August 9, 2006
CBOT Soy Outlook on Wednesday: Steady-up; consolidating recent losses
CBOT soybean futures are expected to start Wednesday's day session activity steady to firm, in tune with overnight trade, as the market consolidates recent losses.
Soybeans are called to open steady to up 2 cents.
In e-CBOT trade, November soybeans were 1-cent higher at US$5.77 1/4 per bushel.
The market is seen stabilizing after a series of losses, and with declines becoming marginalized by oversold conditions, mild consolidation ahead of Friday's crop reports may be on tap for futures, analysts said.
The Relative Strength Index for November soybeans stood at 26.58 on Wednesday's close. A RSI reading below 30.00 is considered oversold market conditions.
However, the absence of any bullish fundamentals to attract aggressive buying is seen limiting upside momentum, with the market's recent penetration of underlying technical support expected to keep buyers on the run, analysts added.
Market technicians said serious near-term chart damage has been inflicted this week. The next downside price objective for November futures is solid technical support at the US$5.70 level. It will take a close above technical resistance at US$5.94 - meaning filling this week's big downside price gap on the daily bar chart - to provide fresh upside technical momentum.
First resistance for November soybeans is seen at US$5.82 3/4 - Tuesday's high - and then at US$5.86 1/2 - this week's high. First support is seen at US$5.73 1/2 - Tuesday's low - and then at US$5.70.
The DTN Meteorlogix forecast said scattered to widely scattered thundershower activity in the western Midwest will help to ease stress to filling corn and soybeans during the 5-7 day period but more rain will still be needed. In the eastern Midwest, any scattered or widely scattered thundershower activity in western Illinois will help to ease stress to filling corn and soybeans but more rain will still be needed. Generally favorable growing conditions are on tap elsewhere, Meteorlogix said.

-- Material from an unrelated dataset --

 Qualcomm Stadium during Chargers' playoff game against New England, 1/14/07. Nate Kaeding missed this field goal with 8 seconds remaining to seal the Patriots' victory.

Meanwhile, the average of trade estimates pegs 2006 soybean production at 3.020 billion bushels form a range of estimates than span from 2.909 billion to 3.105 billion. The average of yield estimates was 40.8 bushels per acre from arrange of 39.3 to 42.0 bushels per acre. U.S. Department of Agriculture is scheduled to release its August crop report Friday 7:30 a.m. CDT.
U.S. Midwest cash soybean basis bids are mostly unchanged Wednesday. Spot cash soybean bids were down 6-cent in Bloomingtonne, Ill., up 2 cents in Evansville, Ind., and down 1-cent in St. Louis, Mo., according to cash sources Wednesday.

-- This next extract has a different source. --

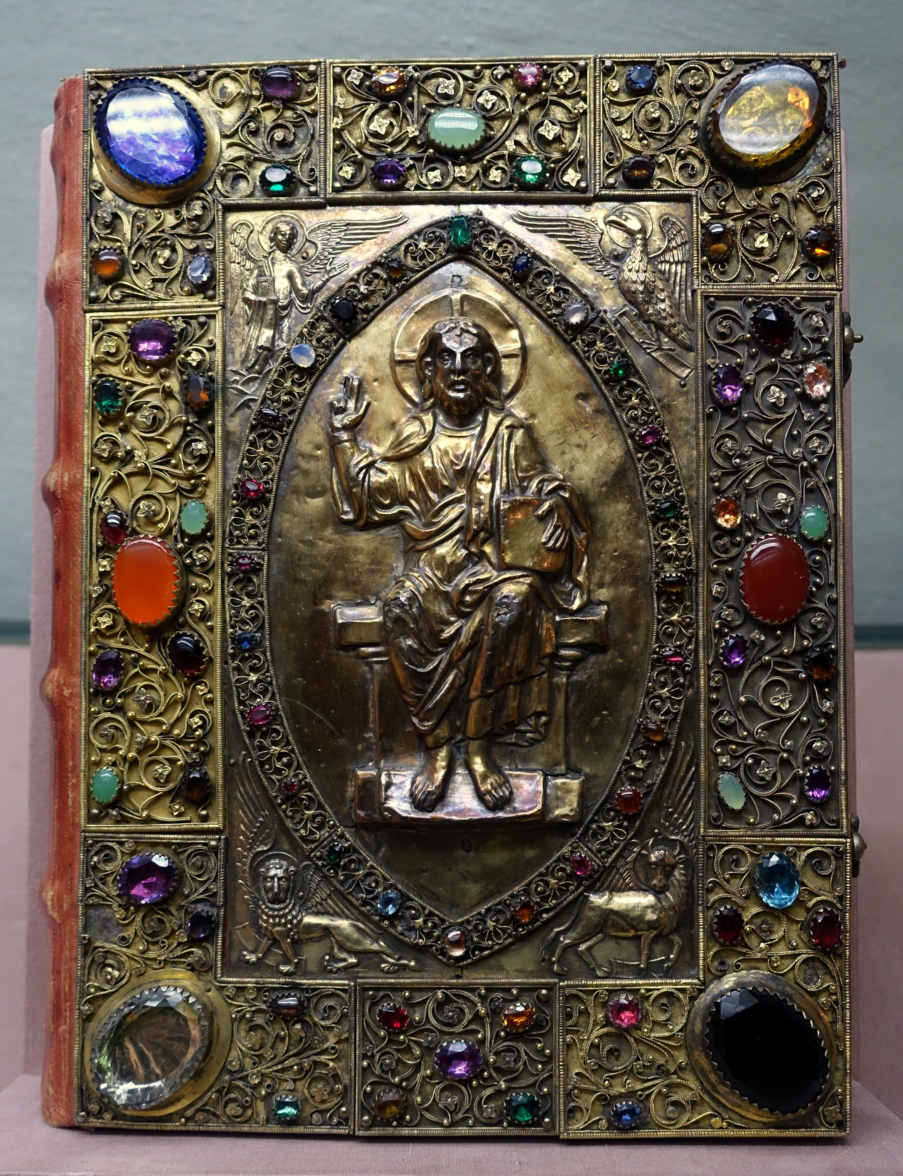 Exhibit from the Herzog Anton Ulrich-Museum, Braunschweig, Germany. This work is in the public domain because the artist died more than 100 years ago.

In deliveries, a total of 1,294 delivery notices recirculated against the August soybean future. The last trade date assigned was Aug. 8. 171 delivery notices recirculated against the August soymeal contract. The house account at Bunge Chicago stopped 145 lots. The trade date assigned was Aug. 7. One hundred and six delivery notices were posted against August soyoil. The last trade date assigned was Aug. 3.

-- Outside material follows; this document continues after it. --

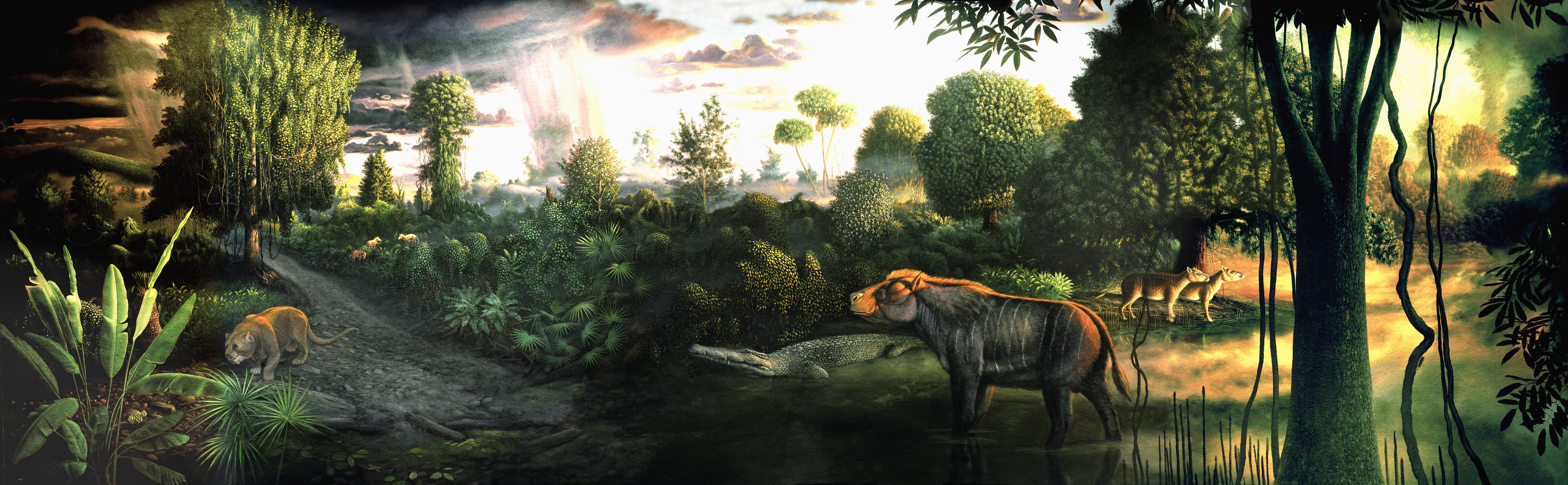 This artist's rendition of the Eocene Clarno Nut Beds includes the following taxa: Cercidiphyllum (tree) Ensete (banana plant) Sabalites (extinct fan palm) Patriofelis (cat-like creodont, the size of a modern panther) Macginicarpa (sycamore) Orohippus (early horse) Dioon (cycad) Cornus (flowering dogwood) Juglans (walnuts) Pinus (pine tree) Pristichampsus sp. (3 m long crocodile) Ictalurus cf. (freshwater catfishes) Telmatherium (1.25m brontothere) Castanea (chestnut) Magnolia (magnolia tree) Hyrachyus (‘running rhino’) Lauraceae (laurel tree) Cicadidae on Vitis (cicada on grapevine) Meliosma (aguacatillo)

Rotterdam soybeans and soymeal prices were mixed. European vegoils were mixed.
In overseas markets, soybean futures traded on China's Dalian Commodity Exchange settled mostly higher Wednesday on an upward correction. The benchmark September contract settled RMB3 higher at RMB2,393 a metric tonne, after trading between RMB2,382 and RMB2,400/tonne.
Crude palm oil futures on the Bursa Malaysia Derivatives ended higher Wednesday for a third straight day. The benchmark October contract ended at MYR1,677/tonne, up MYR18 from Tuesday.